When I started thinking about one of the history essays I’
d read two days prior at Carson’s house, that’s when I knew I was in trouble.
It’s the team’s open week, so it’s the only Saturday for a long while that Carson won’t be busy, and I want him to spend it with me.
Insane! Of the certifiable sort.
He doesn’t answer when I text, even though he told me earlier today I could come over if I got bored. His apartment community is gated, but the gate automatically opens if a car pulls up close enough. Not exactly a stellar security measure. He’s in building ten, and there must be a party happening in one of the other apartments, because the parking lot is completely full. I have to circle back around and park down by building six just to find a space.
I should probably be nervous, but somehow in all the jumble of things I’m feeling . . . nerves are nowhere near the top of the list.
Stella’s stupid painting is in my car, and really, I blame it for the reckless way I’m feeling. Well, it can share the blame with Carson’s killer arms anyway.
When I pass building eight, my suspicions of a party are confirmed. There are half a dozen people outside on the sidewalk smoking, and I can hear music trickling out of a closed door behind them. One of the guys smoking catches my eye and nods a hello as I pass. I smile, but then focus my head forward and down toward the sidewalk, walking a little faster.

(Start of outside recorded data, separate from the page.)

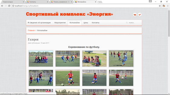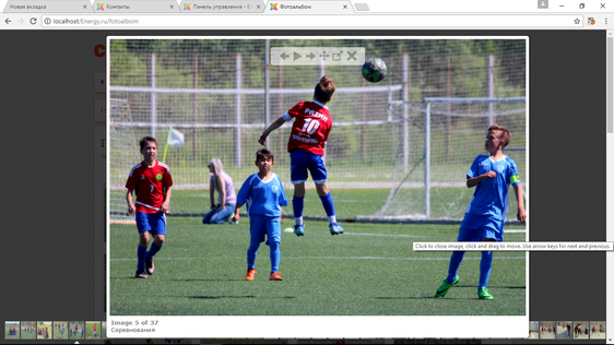 По требованиям заказчика фотогалерея сайта должно иметь хорошую визуализацию картинок, с разворотом их на всю страницу, с возможностью просматривать фото поочередно, а также поддерживать функцию слайд-шоу. Для удовлетворения потребностей заказчика подходит плагин Mavik Thumbnails. Результат его использования представлен на рисунке 28.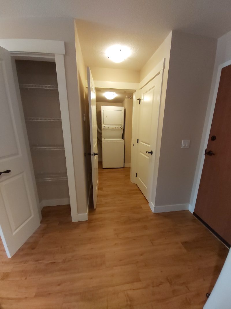 Beautiful 560 sq ft one bedroom, one bath suite on the third floor in 55 plus independent seniors building. Located close to Knox mountain, and the lake. Bus stop right out front. No pets, no smoking building. Comes with fridge, stove, and insuite laundry machines. Unit has covered a patio and community garden boxes are available in the fenced garden area. Utilities are not included. Income verification required.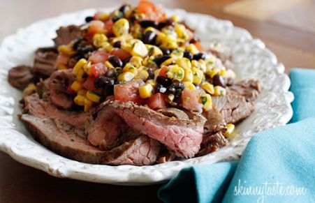 Grilled Flank Steak with Black Beans Corn and Tomatoes
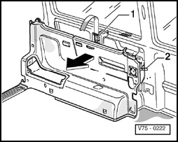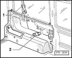- Remove seat belt retractor - 1 - and, if necessary, disconnect speaker connector - 2 -.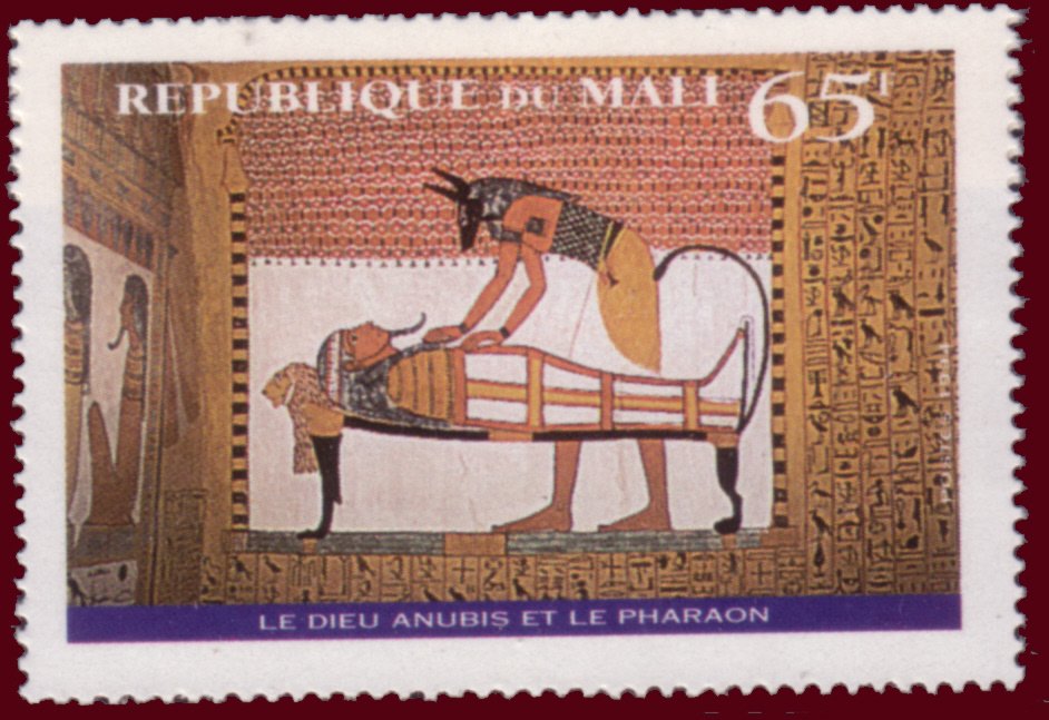 Visibility: public Image owner: none postage 8/24/1994 65fr multi dt=Works of Art (1994) unwmk Crops No visible images cropped from this one. Measurements Resolution is unknown. Source Source name: Colnect File URL: http://i.colnect.net/b/1732/127/Goddess-Anubis-and-the-pharaoh.jpg Uploaded December 23, 2013, 5:34 pm by Stan Shebs |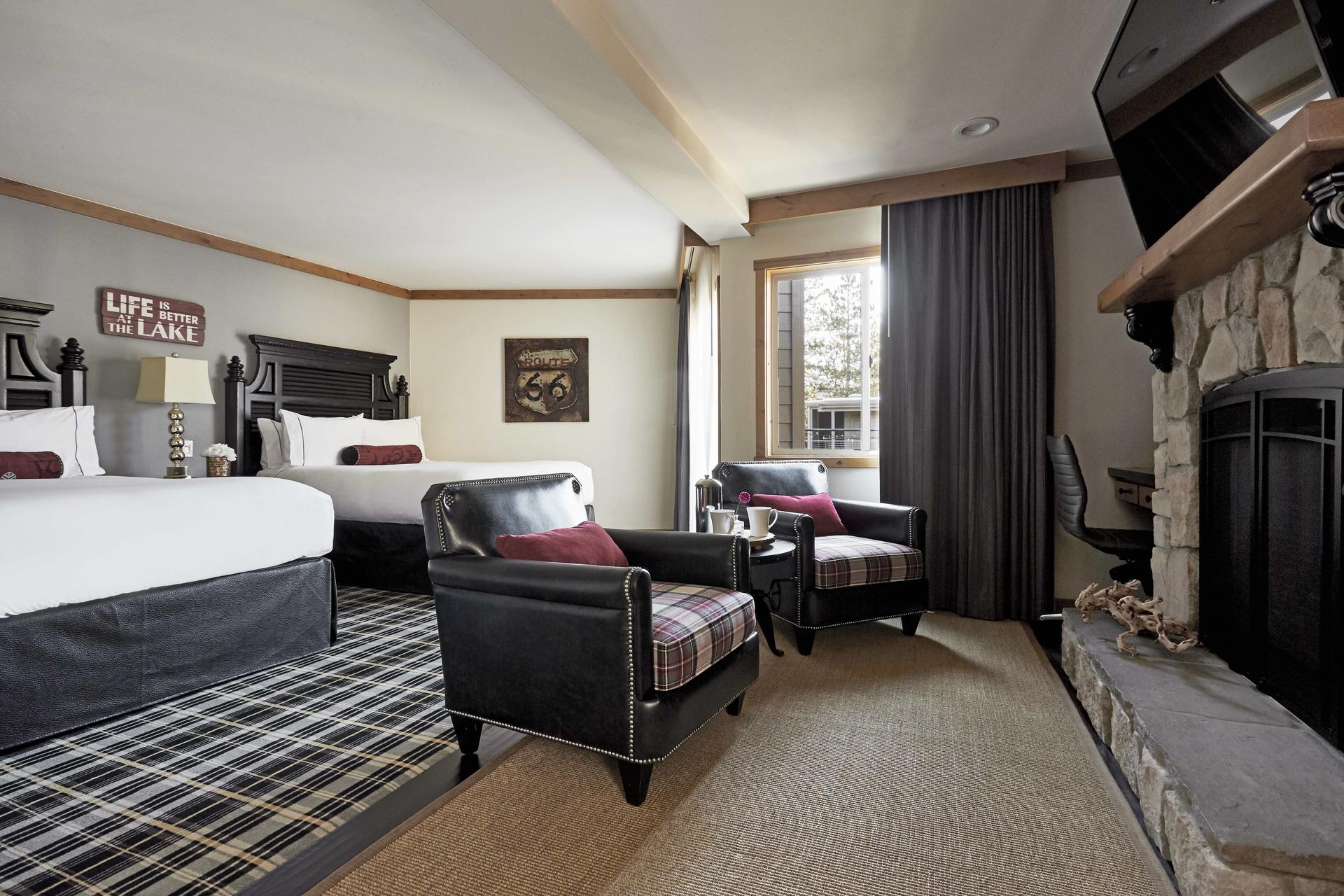 The 450 sq. ft. rooms have picture windows and warm furnishings that are perfect for relaxation. One king or two double beds available. Luxurious bathrobes, thick fluffy towels, mini-bar, high-speed wireless internet access are a few of the room amenities.
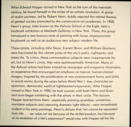 | Modern Life: Edward Hopper And His Time Whitney Museum of American Art October 28, 2010 to April 10, 2011 At the turn of the 20th century, American artists rebelled against the predominating academic art and aristocratic portraiture and began looking to modern life, both city and urban for their subject matter. Edward Hopper (1882-1967) was one of the central figures of this dramatic shift. So were many other artists including Guy Pène du Bois, George Bellows, Charles Burchfield, Thomas Hart Benton, Everett Shinn, Paul Cadmus, Raphael Soyer, and Reginald Marsh. Photographers depicting daily life included Edward Steichen, Paul Strand, and Alfred Steiglitz. This show, organized by Whitney curator Barbara Haskell and senior curatorial assistant Sasha Nicholas, traces the development of realism in American art beginning in 1900, the year that Hopper arrived on New York's art scene. The Whitney has been presenting the work of Edward Hopper throughout the institution's history. But this is the first exhibit to focus specifically on the context in which the artist worked. We owe a debt of gratitude to Gertrude Vanderbilt Whitney, who was the only wealthy art patron at the time to stake her reputation and her fortune on the work of the Ashcan school artists and their successors. It was Ms. Whitney's advocacy and vision that led to the founding of the Whitney Museum of American Art in 1930 and to the formation of the collection on view. |

I don’t expect anyone here to recognize me, but I’d prefer to get to Carson’s quickly all the same. There had been one too many times in my life when a complete stranger had approached me at the mall or the grocery store or wherever to proclaim, “You’re the Cole girl, aren’t you? Spitting image of your dad.”
I’d never understood that. I didn’t think Dad and I looked anything alike. My red hair came from the mom I never knew. Dad’s is a dark brown, peppered with strands of gray. He is hulking and huge, and my figure could barely rival that of a telephone pole. Our height, I guess, could be it. I’m tall for a girl. And maybe our noses and eyes are similar, but how that could allow a total stranger to pick me out in public as his child, I’ll never know.
My phone buzzes with a text as I come up on building ten. I drag it out, expecting it to be Carson. It’s Stella.